[Your task]
Please output only the lines running from the one that contains "Метки в виде" through the last line of the data below, exactly as they stand, with no pictures.

──────── Records for processing ────────

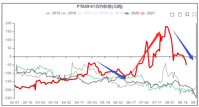 PTA的09合约是预期差最大的合约,4-5月份时候,市场普遍觉得PTA检修季将结束,7月份以后将重回累库压力,但多套装置意外故障频繁、新装置投产进程不及预期、下游聚酯需求刚需维持的背景下,PTA累库预期迟迟没有兑现,走了修复预期的上涨行情,单边大机会是上涨(但是说实话,波动太大了),9-1价差结构发生改变(正套走势非常流畅)。
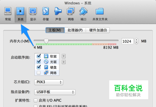 在虚拟机的设置界面中,点击 “系统”选项,然后就可以看到当前虚拟机的内存配置了。可以看到当前我的虚拟机内存为 1 G,如图所示
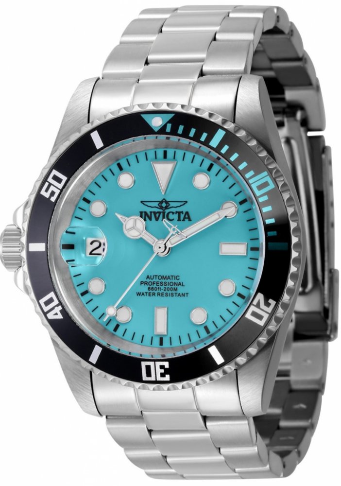 Invicta analogové ocel sportovní pánské automatické pro potápění (100+ m) 42 mm ocel 200 m automatické minerální 21.0 cm bez osazení Pro Diver kulaté stříbrná tyrkysová skládací spona 2.2 cm na ruku bez číslic stříbrná ocel 4.2 cm střední jednosměrně otočná ocel s občasnou údržbou (automatické) bez chytrých funkcí
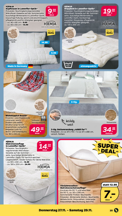 Bitte beachten Sie, dass dieser Text automatisch generiert wird und möglicherweise Fehler enthältHjEMJA DIN Kopfkissen in Lammflor-Optik* Steppbett in Lammflor-Optik* 99 Polyester, feuchtigkeitsregulierendes Polyester, feuchtigkeitsregulierendes Mikrofaser-Gewebe auf der Sommerseite, 92 Mikrofaser-Gewebe auf der Sommer- 19 kuschelige Winterseite in Lammflor-Optik, Er seite, kuschelige Winterseite in Er: bauschige Füllung, weich und anschmiegsam, ELI EEE pflegeleicht und für Allergiker geeignet ES Kassetten-Steppung, pflegeleicht ca. 40 x 80 cm = 9.99 und für Allergiker geeignet, ca. 80 x 80 cm = 14.99 HJEMJA ca. 135 x 200 cm Anz scnow avsaescnLaren. Nur bei Netto Lammflor- Lammflor- Optik Optik u ie ns rx al; = Jd LE 4 Fi: / \ D. A T ER = 2 ze ent, 6 Lammflor: A zh Drarbvariante fi er a ra Optik le SW, Whtiohnteppich Boud y? 7 Polyester, rutschhemmende Zoom) © Unterseite, weich, 4 Fußboden- > = modern und zeitlos, heizu ‚geeignet Schelig Farbvariante % Struktur sorgt für ein weich angenehmes Laufgefühl, "eleganter Look für 3-tig. Bettumrandung „rabbit fur“* 49 34° Wohn- und Schlafräume, stück Polyester, 2 x ca. 67 x 110 +1 x ca. 67 x 280 cm, CT ca. 160 x 230 cm — versch. Farben m HEMJA en Matratzenauflage er in Lammflor-Optik* Polyester, feuchtigkeits- 14° = SUPER regulierendes Mikrofaser- Stück Gewebe auf der Sommer- SS DEAL» à seite, kuschelige Winterseite in Lammflor-Optik, für herrlich weichen Liegekomfort, idealer Schutz für deine Matratze + ca. 90 x 200 cm = 14.99 ca. 180 x 200 cm = 24.99 — HJEMJA Anz SENBN AUSGESENLAFEN. N Nur bei Netto Lammflor- ee Optik -_ rjahreszeiten- = statt 12.99 Matratzenschutzauflage* trocknen bis 90 °C und waschbar — / bis 95 °C, ca. 90 x 200 cm, >» Sommerseite Frottee: Baumwolle, Polyester, Winterseite Molton: Baumwolle, 7- Mittelschicht: Polyurethan, Unterseite: Stück Polyurethan-Beschichtung, kein PVC Donnerstag 27.11. - Samstag 29.11. 23 ©
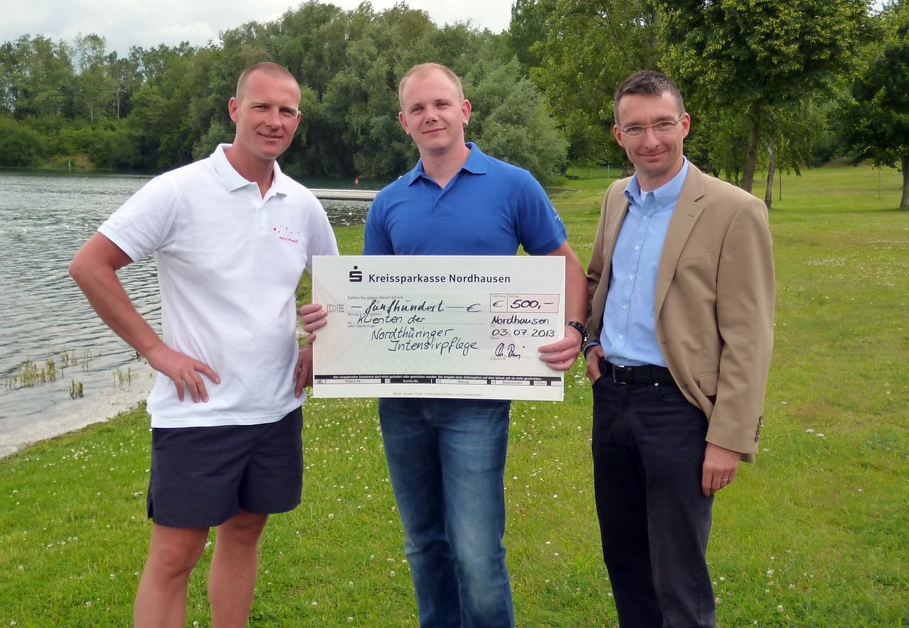 Fast alle Teilnehmer kamen ins Ziel zur Königspfalz in Tilleda und sie stockten am Ende den Spenden-betrag auf insgesamt 665 Euro auf. Die Spende nahm der Koordinator Heiko Beck in Vertretung der Klienten der Nordthüringer Intensivpflege entgegen. Auf Grund des großen Zuspruchs der Aktion sind sich Herr Döring und der Organisator Mario Windolf heute schon einig, dass 2014 noch einmal ein ganz besonderer Wandertag für den guten Zweck stattfinden soll.
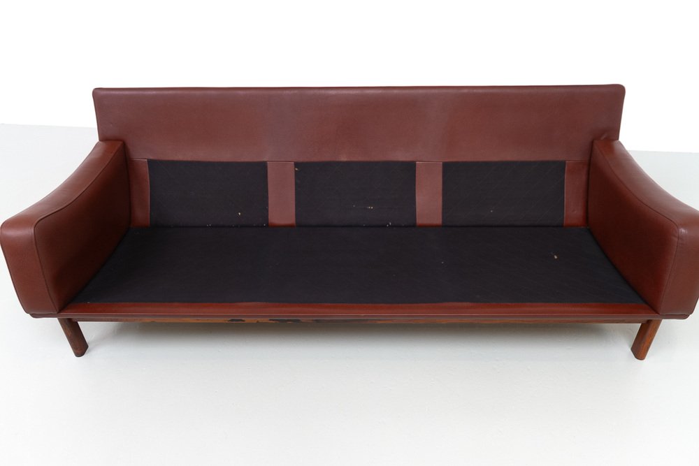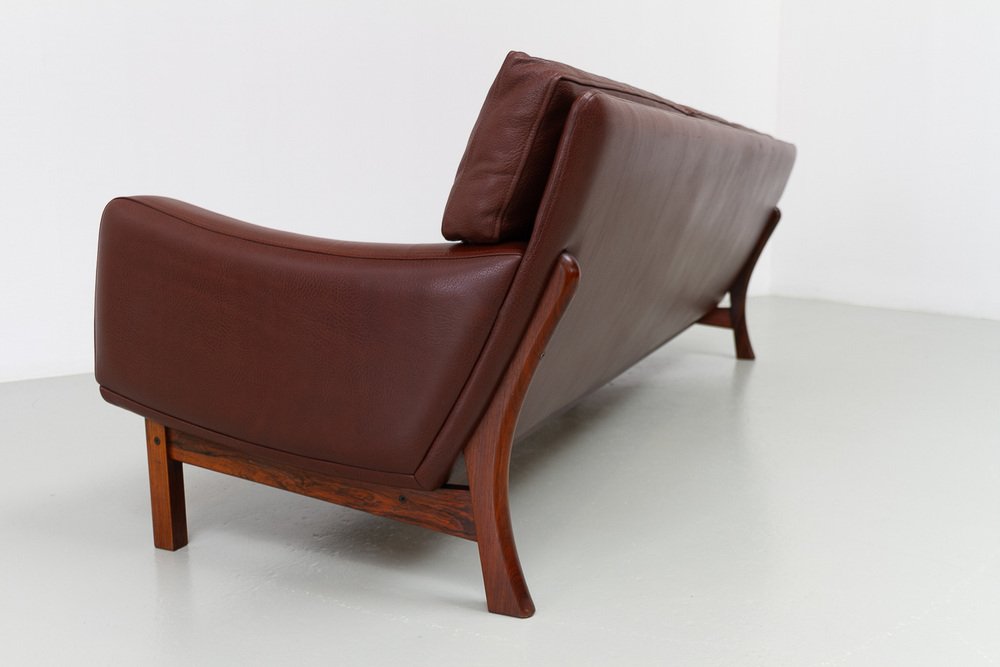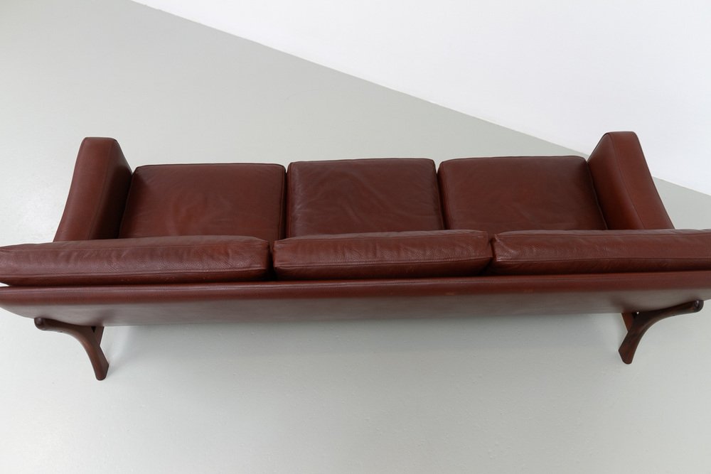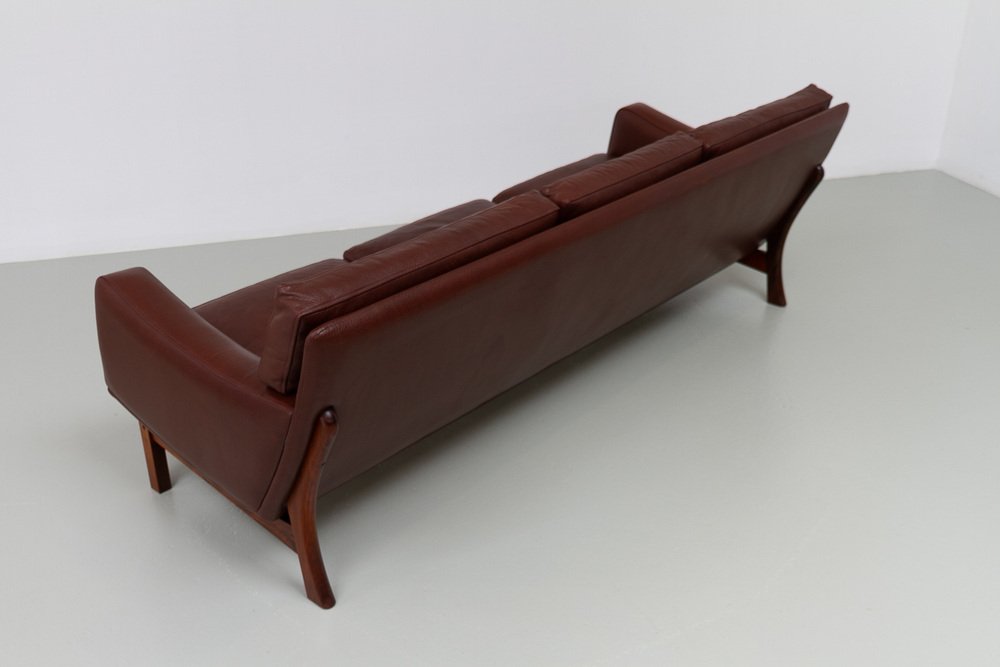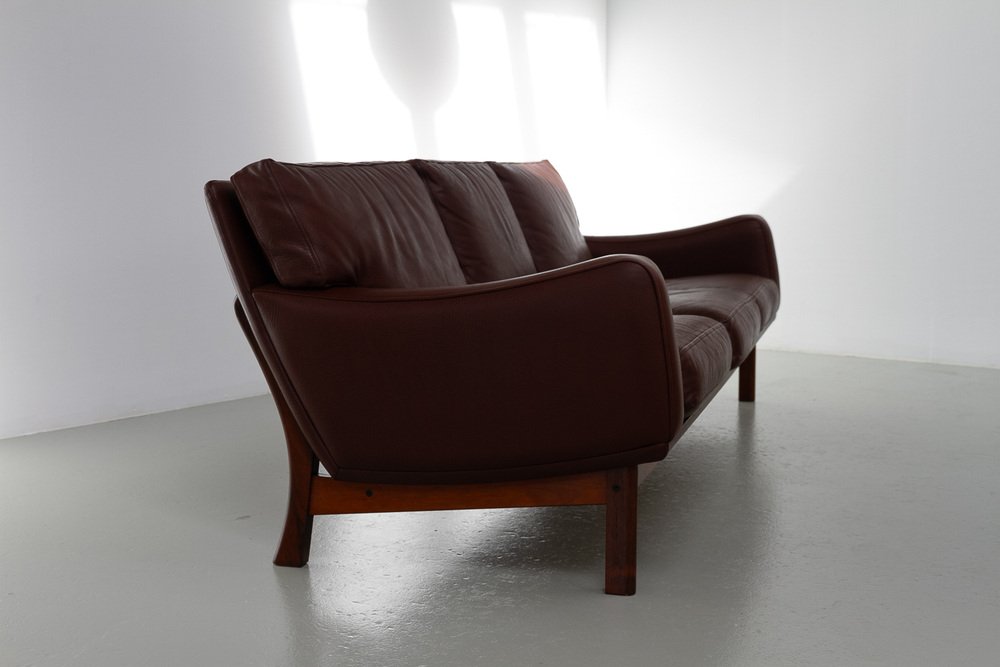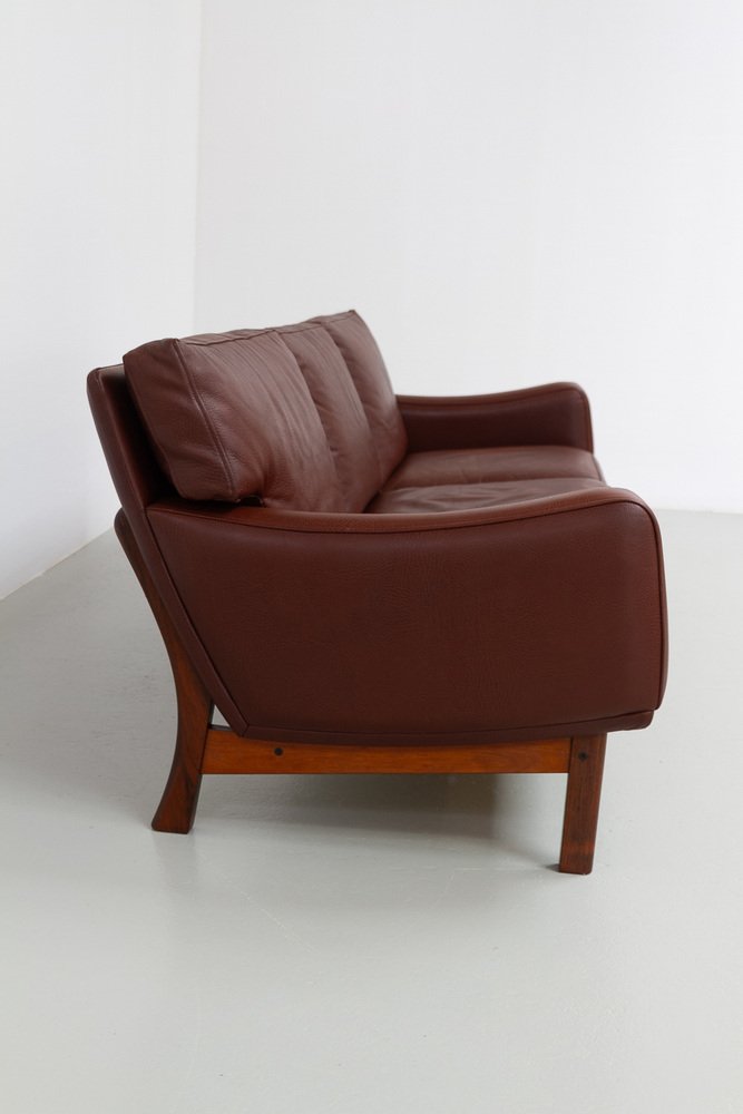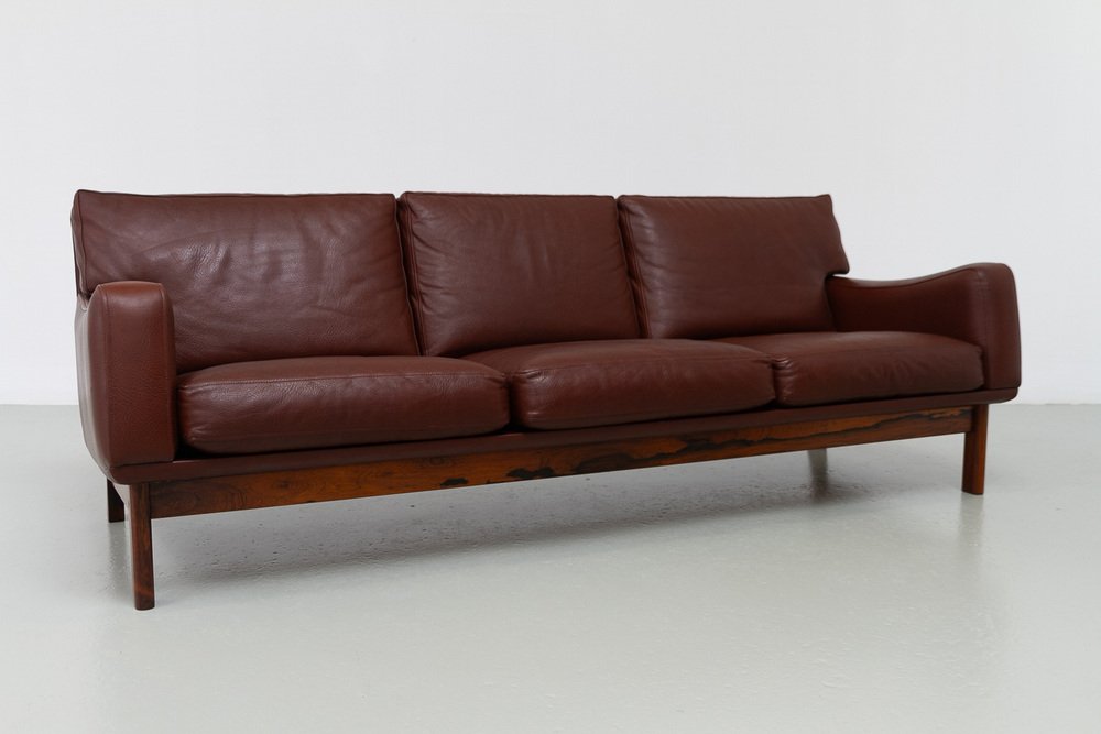 Divano moderno in pelle e palissandro di Eran, Danimarca, anni '60
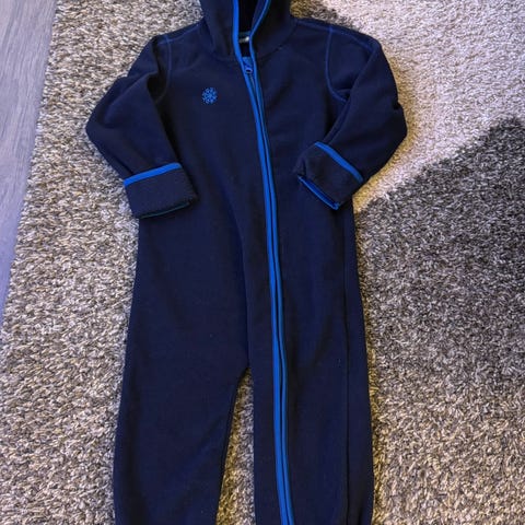 Pehmeä fleecesisävuori. Vetoketju toimii ja kaikki ehjää. Jalkopäässä kengänalus nyörit.
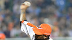 [OSEN=잠실, 이대선 기자] 31일 오후 서울 잠실야구장에서 열린 '2012 팔도 프로야구' 두산 베어스와 KIA 타이거즈의 경기, 9회초 2사두산 최준석 타석때 KIA 박지훈과 교체된 한기주가 힘차게 공을 던지고 있다. 허리 통증까지 겹치
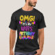 El color es muy bonito al natural, como la foto. El tejido es suave y de buena calidad. Sin defectos en el tintado, ni hilos sueltos o descosidos. Bien la impresión. Los bordes de las letras y el dibujo son nítidos, y el color contrasta muy bien con el de la camiseta.
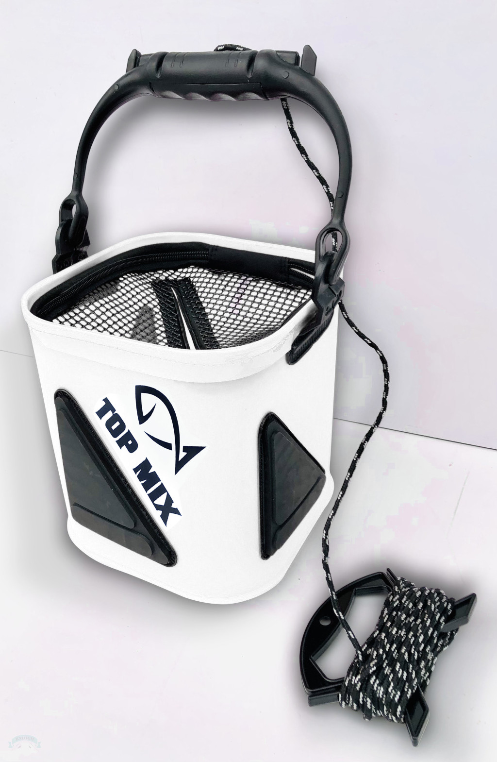 Praktikus vízmerítő, ha a leszakadt part vagy a magas stég miatt nem tudunk kényelmesen vizet meríteni a horgászathoz. 5m hosszú kötelének hossza a fogantyú peremeivel szabályozható. Összehajtható, így kis helyen elfér. Belső részén cipzáros hálóval ellátott, megakadályozza, hogy a vízből falevelek vagy egyéb hulladék kerüljön a tároló felületbe. Pergető horgászok számára csalihal tárolására is szolgálhat.
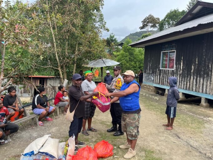 Polres Tolikara dan Dinsos Salurkan Bantuan Sembako bagi Korban Kebakaran di Karubaga
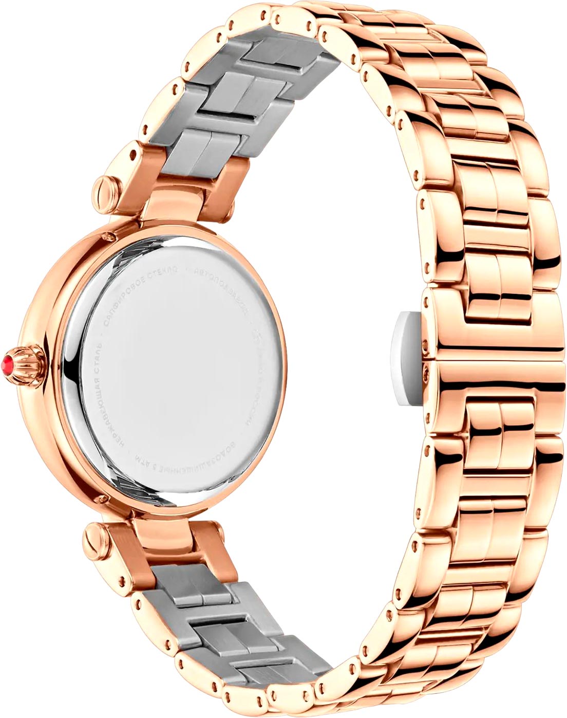 Метки в виде римских цифр. Стрелки в стиле Breguet. Окошко даты находится в положении 3 часа. Вытянутая рифленая заводная головка. Стальной браслет с раскладывающейся застежкой.
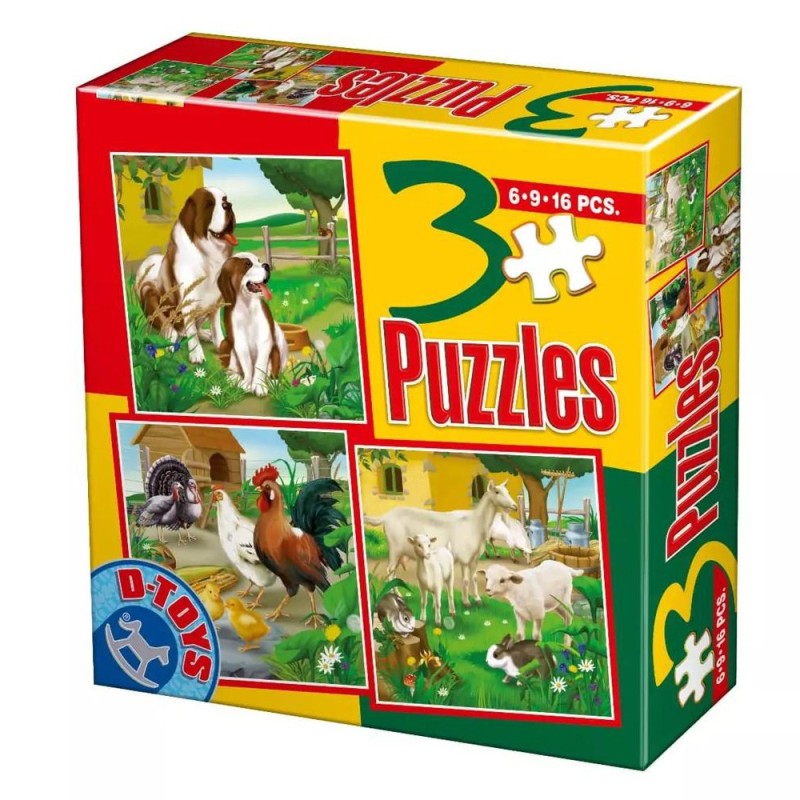Colectie 3 Puzzle Copii, 6, 9, 16 Piese, Animale Domestice Mari
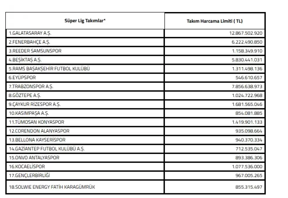 30 Aralık 2022 tarihinde yürürlüğe giren Kulüp Lisans ve Finansal Sürdürülebilirlik Talimatı’nın 121. Maddesi kapsamında, Ek XIII’de yer alan usullerle belirlenen Süper Lig Takım Harcama Limitleri şu şekilde hesaplandı” denildi.

────────

[Exercise output]
 Метки в виде римских цифр. Стрелки в стиле Breguet. Окошко даты находится в положении 3 часа. Вытянутая рифленая заводная головка. Стальной браслет с раскладывающейся застежкой.
Colectie 3 Puzzle Copii, 6, 9, 16 Piese, Animale Domestice Mari
 30 Aralık 2022 tarihinde yürürlüğe giren Kulüp Lisans ve Finansal Sürdürülebilirlik Talimatı’nın 121. Maddesi kapsamında, Ek XIII’de yer alan usullerle belirlenen Süper Lig Takım Harcama Limitleri şu şekilde hesaplandı” denildi.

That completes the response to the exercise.